**INFORMATION PROVIDED**

┌──

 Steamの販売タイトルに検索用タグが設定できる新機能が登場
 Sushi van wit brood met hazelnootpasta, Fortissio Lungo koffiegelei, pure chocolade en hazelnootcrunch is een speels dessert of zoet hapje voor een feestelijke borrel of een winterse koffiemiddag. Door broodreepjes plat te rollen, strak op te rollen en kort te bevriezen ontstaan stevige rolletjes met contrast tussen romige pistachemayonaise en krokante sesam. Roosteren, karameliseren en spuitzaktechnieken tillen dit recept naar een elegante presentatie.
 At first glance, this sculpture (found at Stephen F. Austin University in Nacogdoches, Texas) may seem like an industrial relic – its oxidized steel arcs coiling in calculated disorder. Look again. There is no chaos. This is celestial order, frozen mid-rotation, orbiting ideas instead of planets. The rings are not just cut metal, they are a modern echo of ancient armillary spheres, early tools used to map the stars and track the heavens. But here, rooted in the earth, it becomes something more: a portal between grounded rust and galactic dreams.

└──
┌──

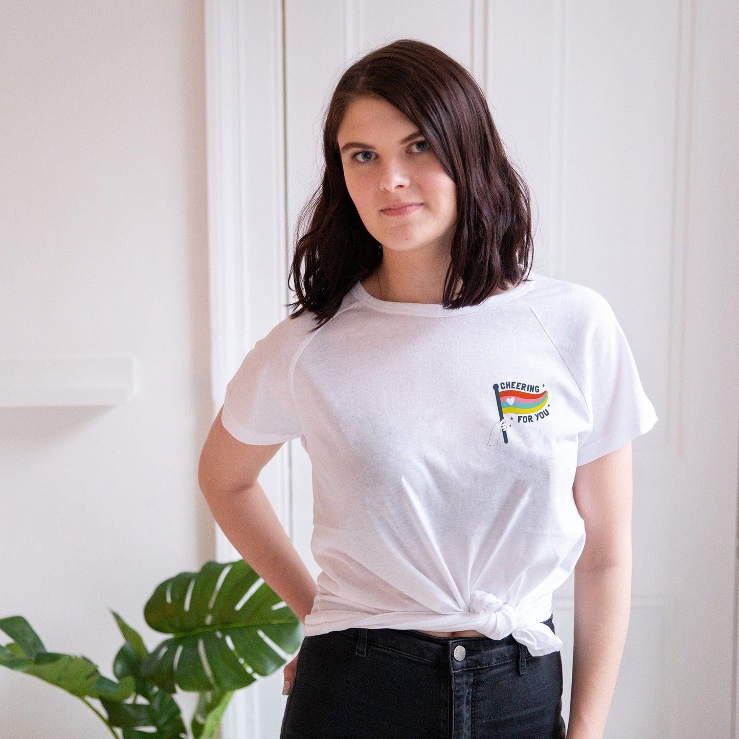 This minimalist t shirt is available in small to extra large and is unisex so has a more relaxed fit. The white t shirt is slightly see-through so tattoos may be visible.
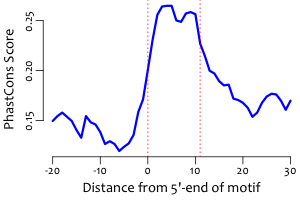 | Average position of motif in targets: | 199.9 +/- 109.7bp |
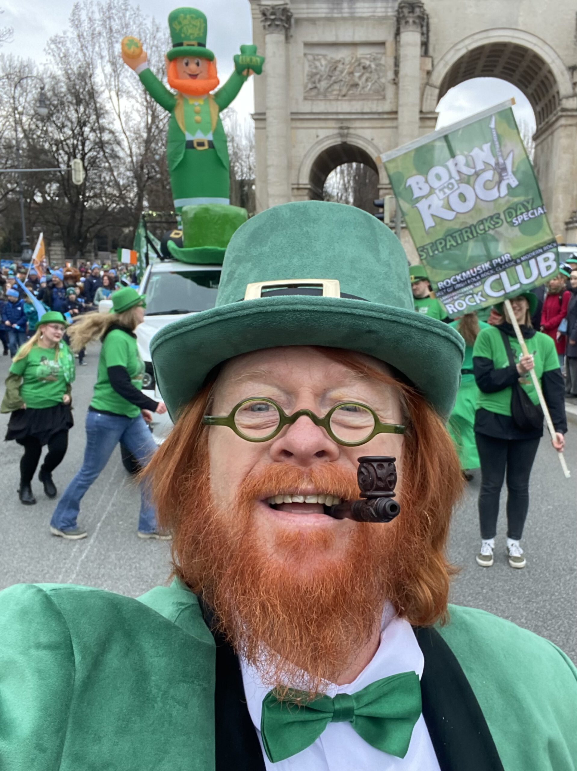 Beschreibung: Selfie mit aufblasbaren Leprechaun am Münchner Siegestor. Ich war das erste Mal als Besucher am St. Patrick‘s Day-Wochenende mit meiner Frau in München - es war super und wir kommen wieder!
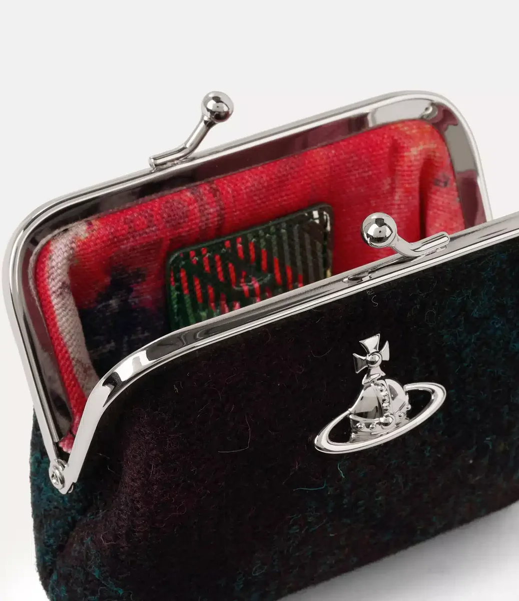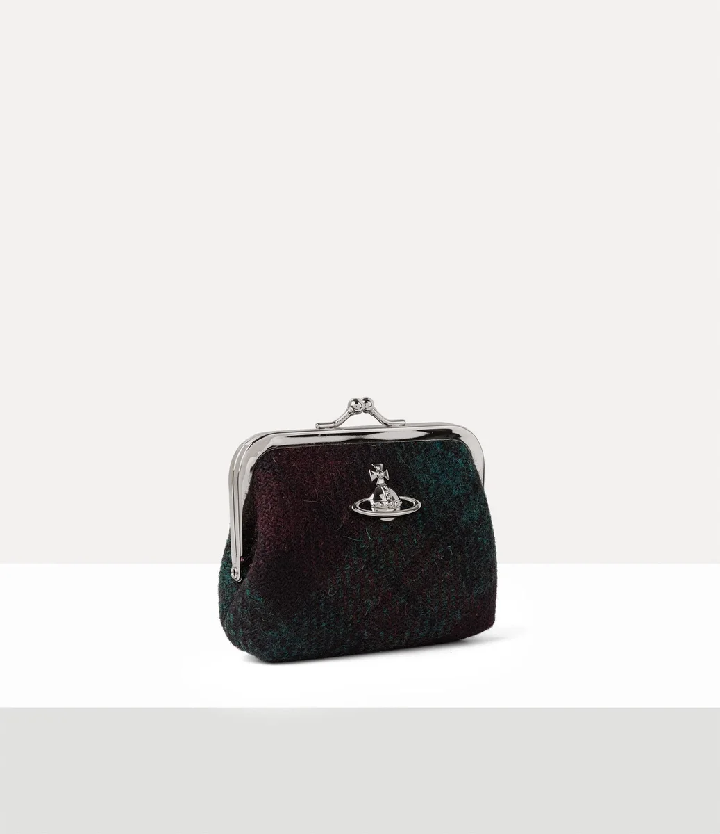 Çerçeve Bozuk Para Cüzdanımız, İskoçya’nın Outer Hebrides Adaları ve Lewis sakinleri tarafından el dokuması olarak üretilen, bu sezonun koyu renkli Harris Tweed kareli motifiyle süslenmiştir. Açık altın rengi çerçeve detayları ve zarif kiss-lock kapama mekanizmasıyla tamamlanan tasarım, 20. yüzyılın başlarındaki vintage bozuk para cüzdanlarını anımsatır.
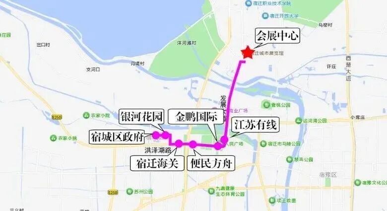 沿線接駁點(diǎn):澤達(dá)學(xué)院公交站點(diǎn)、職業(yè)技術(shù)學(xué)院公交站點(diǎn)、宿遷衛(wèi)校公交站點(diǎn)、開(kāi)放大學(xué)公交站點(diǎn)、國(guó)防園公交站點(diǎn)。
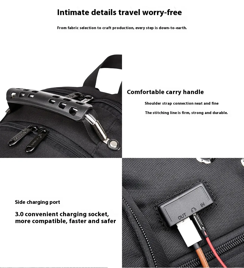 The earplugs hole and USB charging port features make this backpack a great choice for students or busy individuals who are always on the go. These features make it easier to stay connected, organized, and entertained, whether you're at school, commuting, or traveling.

└──
┌──

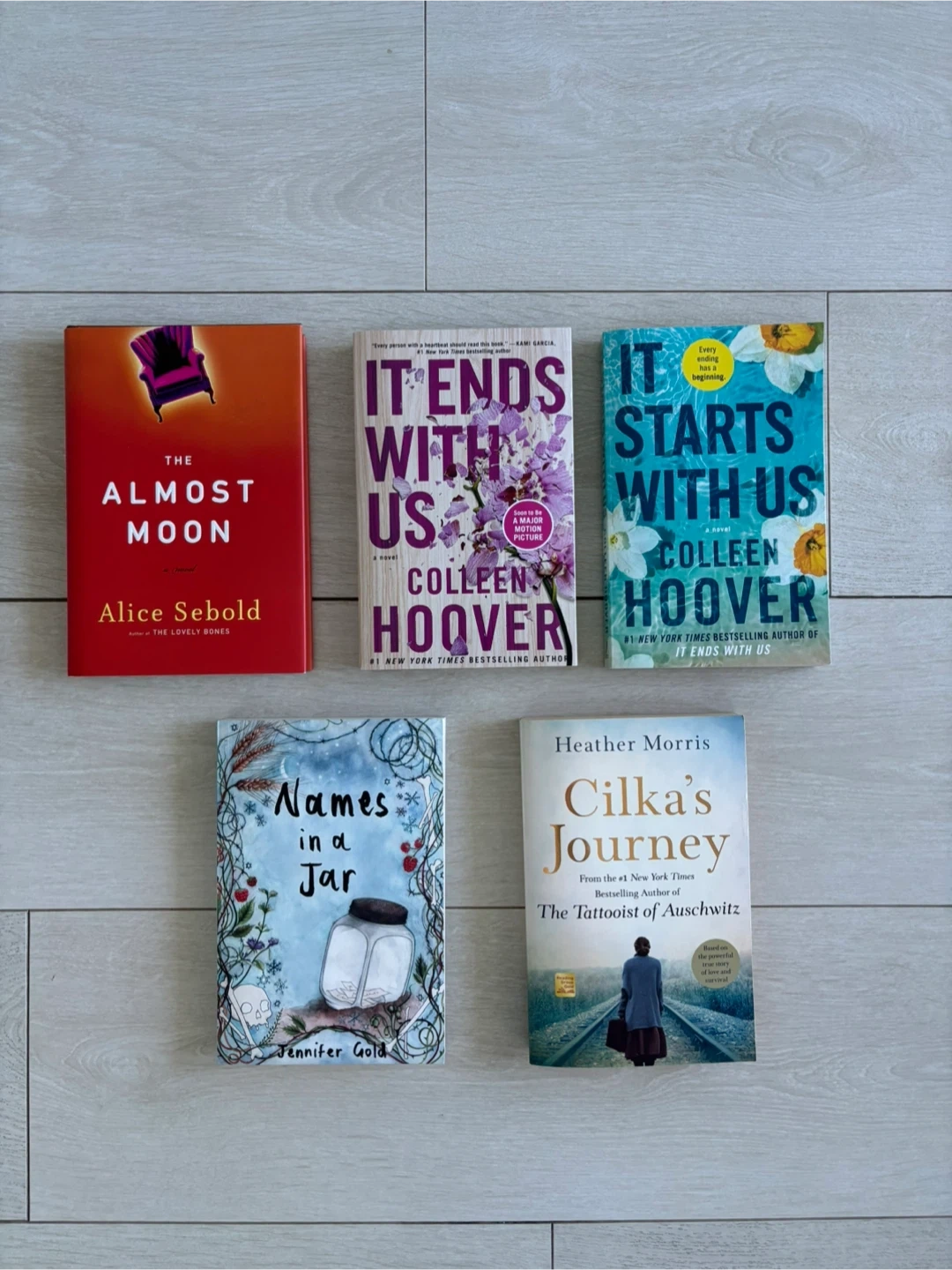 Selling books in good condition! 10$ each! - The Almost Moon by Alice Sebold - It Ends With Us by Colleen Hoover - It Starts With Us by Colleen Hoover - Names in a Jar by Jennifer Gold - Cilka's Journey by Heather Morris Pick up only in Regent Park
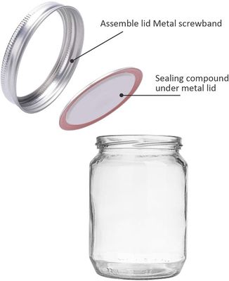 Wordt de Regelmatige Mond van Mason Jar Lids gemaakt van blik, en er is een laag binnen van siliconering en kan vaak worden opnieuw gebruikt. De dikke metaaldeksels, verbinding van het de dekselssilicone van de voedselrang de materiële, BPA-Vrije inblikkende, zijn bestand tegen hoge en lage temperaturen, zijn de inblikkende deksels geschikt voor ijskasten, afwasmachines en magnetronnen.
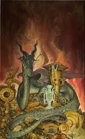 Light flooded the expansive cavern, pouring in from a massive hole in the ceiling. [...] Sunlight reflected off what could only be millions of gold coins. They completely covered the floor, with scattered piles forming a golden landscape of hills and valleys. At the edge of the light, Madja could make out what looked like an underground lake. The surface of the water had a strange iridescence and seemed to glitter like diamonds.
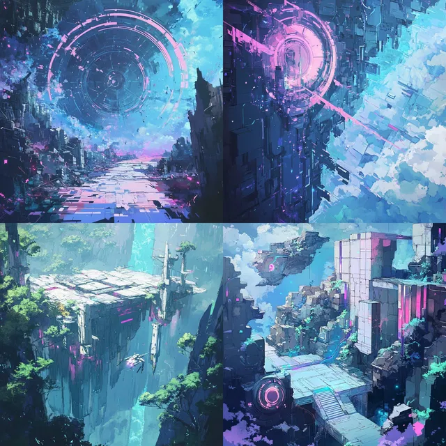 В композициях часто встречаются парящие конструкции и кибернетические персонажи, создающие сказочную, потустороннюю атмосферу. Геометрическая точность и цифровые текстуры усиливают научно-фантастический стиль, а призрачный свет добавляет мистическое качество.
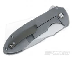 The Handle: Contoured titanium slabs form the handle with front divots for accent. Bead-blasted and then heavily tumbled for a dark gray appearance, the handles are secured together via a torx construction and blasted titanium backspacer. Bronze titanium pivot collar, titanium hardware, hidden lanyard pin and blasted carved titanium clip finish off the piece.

└──

**ABOUT THIS EXERCISE**
Everything from the line with "Steamの販売タイトルに検索用タグが設定できる新機能が登場" through the line with "Sushi van wit" in the listing above must be retyped exactly, with nothing added.

**PROBLEM SOLUTION**
 Steamの販売タイトルに検索用タグが設定できる新機能が登場
 Sushi van wit brood met hazelnootpasta, Fortissio Lungo koffiegelei, pure chocolade en hazelnootcrunch is een speels dessert of zoet hapje voor een feestelijke borrel of een winterse koffiemiddag. Door broodreepjes plat te rollen, strak op te rollen en kort te bevriezen ontstaan stevige rolletjes met contrast tussen romige pistachemayonaise en krokante sesam. Roosteren, karameliseren en spuitzaktechnieken tillen dit recept naar een elegante presentatie.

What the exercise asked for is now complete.